Give the data again in full, without pictures.

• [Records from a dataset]
# # #

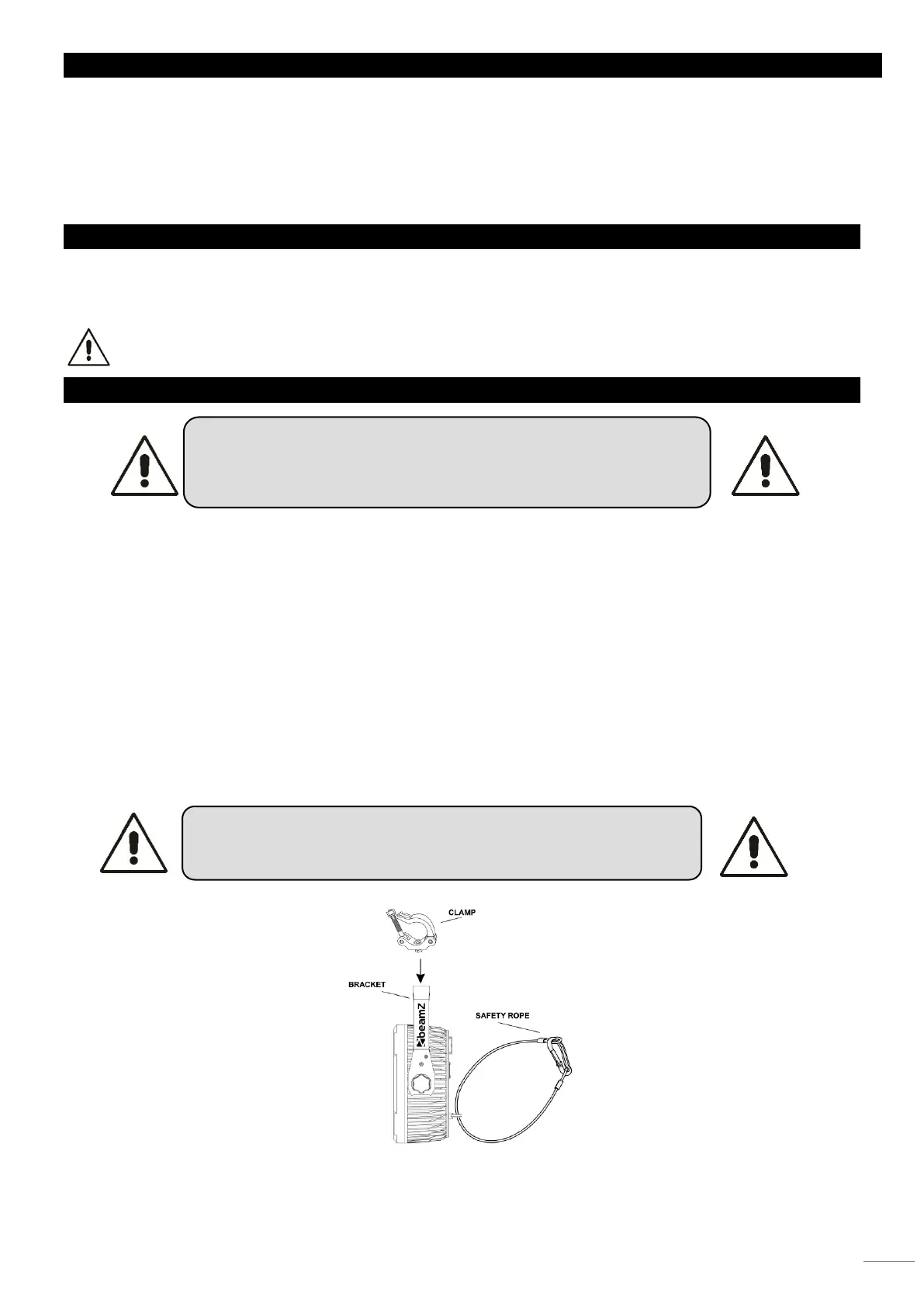 • Die Aufhängung des Geräts muss 10-mal das Eigengewicht 1 Stunde lang ohne Spuren von Verformung tragen
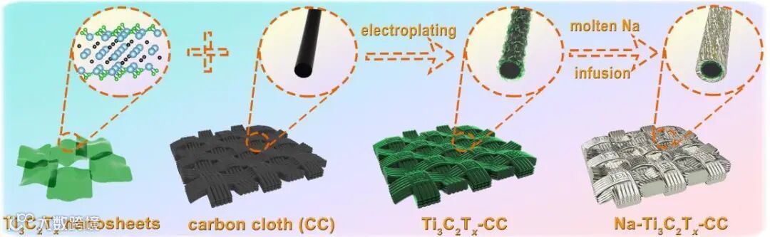 图1. Ti3C2Tx-CC骨架和Na-Ti3C2Tx-CC复合金属负极的制备工艺示意图
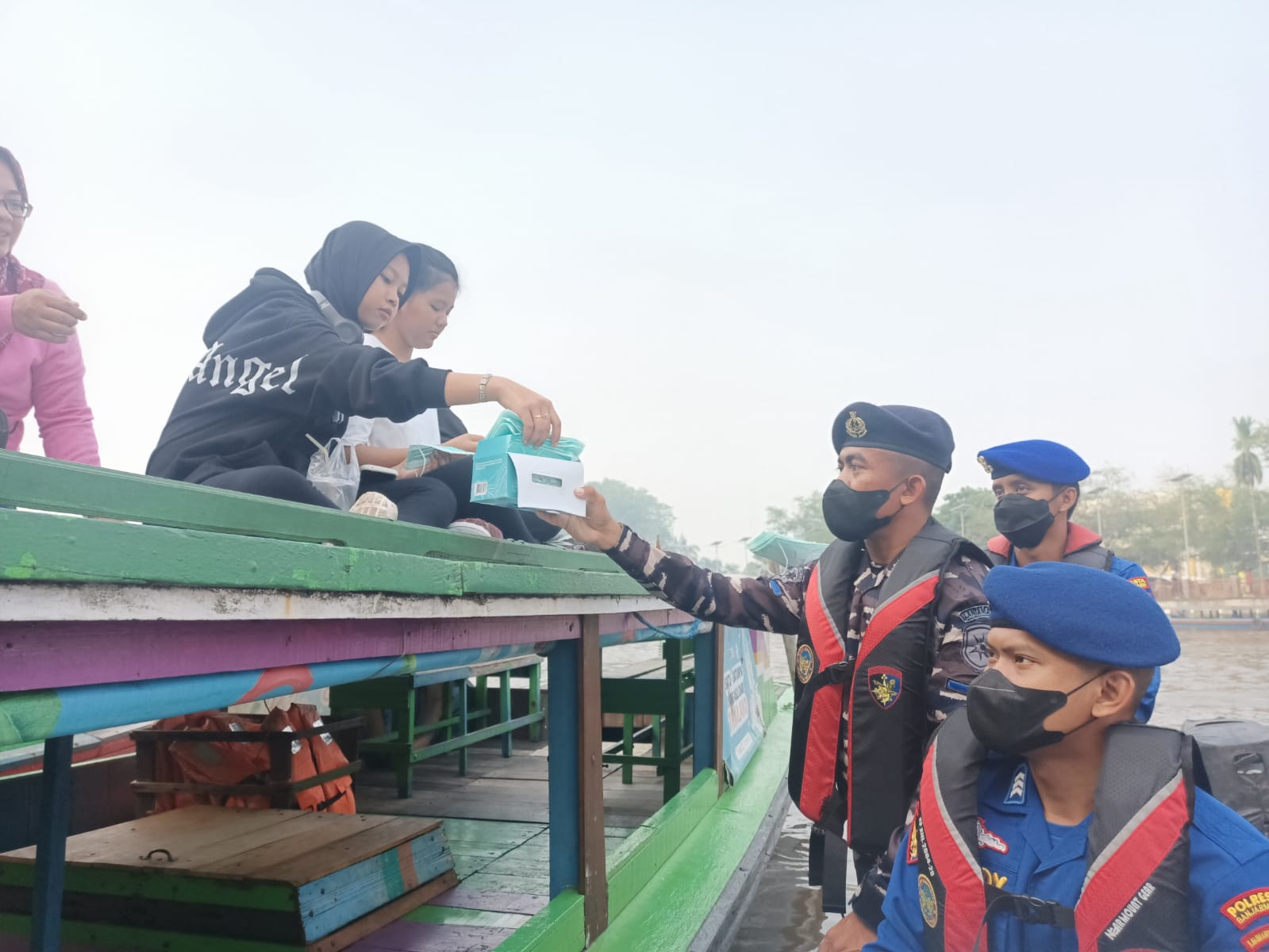 Kegiatan bagi-bagi masker tersebut dipimpin oleh Kasat Polairud Polresta Banjarmasin AKP Dading Kalbu Adie, S.T., M.M., bersama Komandan KAL Kumai II-13-51 Kapten Laut (P) Hendy Supriyono.
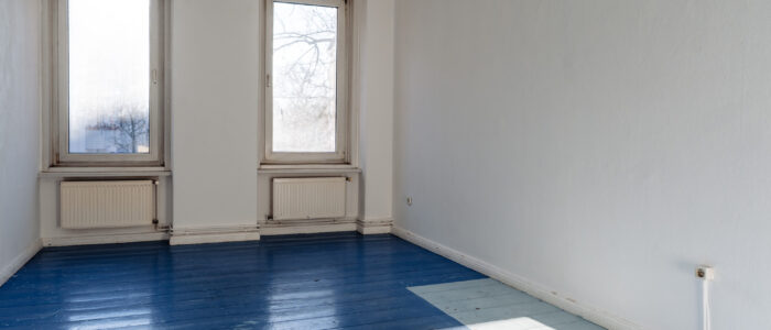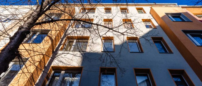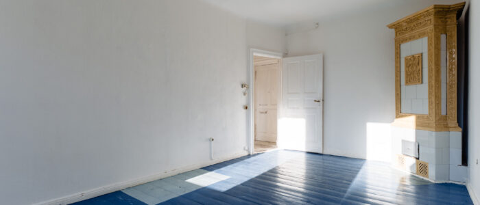 This vacant apartment is located on the second floor of the front building and benefits from an open view through a gap between neighbouring houses, making the space exceptionally bright.
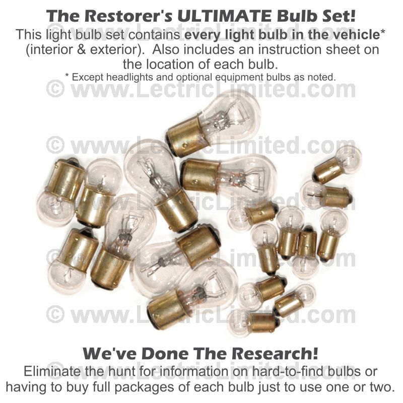 The restorer’s “ULTIMATE” bulb kit. It replaces all the interior and exterior light bulbs (except headlights).

# # #

• [Exercise answer]
 • Die Aufhängung des Geräts muss 10-mal das Eigengewicht 1 Stunde lang ohne Spuren von Verformung tragen
 图1. Ti3C2Tx-CC骨架和Na-Ti3C2Tx-CC复合金属负极的制备工艺示意图
 Kegiatan bagi-bagi masker tersebut dipimpin oleh Kasat Polairud Polresta Banjarmasin AKP Dading Kalbu Adie, S.T., M.M., bersama Komandan KAL Kumai II-13-51 Kapten Laut (P) Hendy Supriyono.
 This vacant apartment is located on the second floor of the front building and benefits from an open view through a gap between neighbouring houses, making the space exceptionally bright.
 The restorer’s “ULTIMATE” bulb kit. It replaces all the interior and exterior light bulbs (except headlights).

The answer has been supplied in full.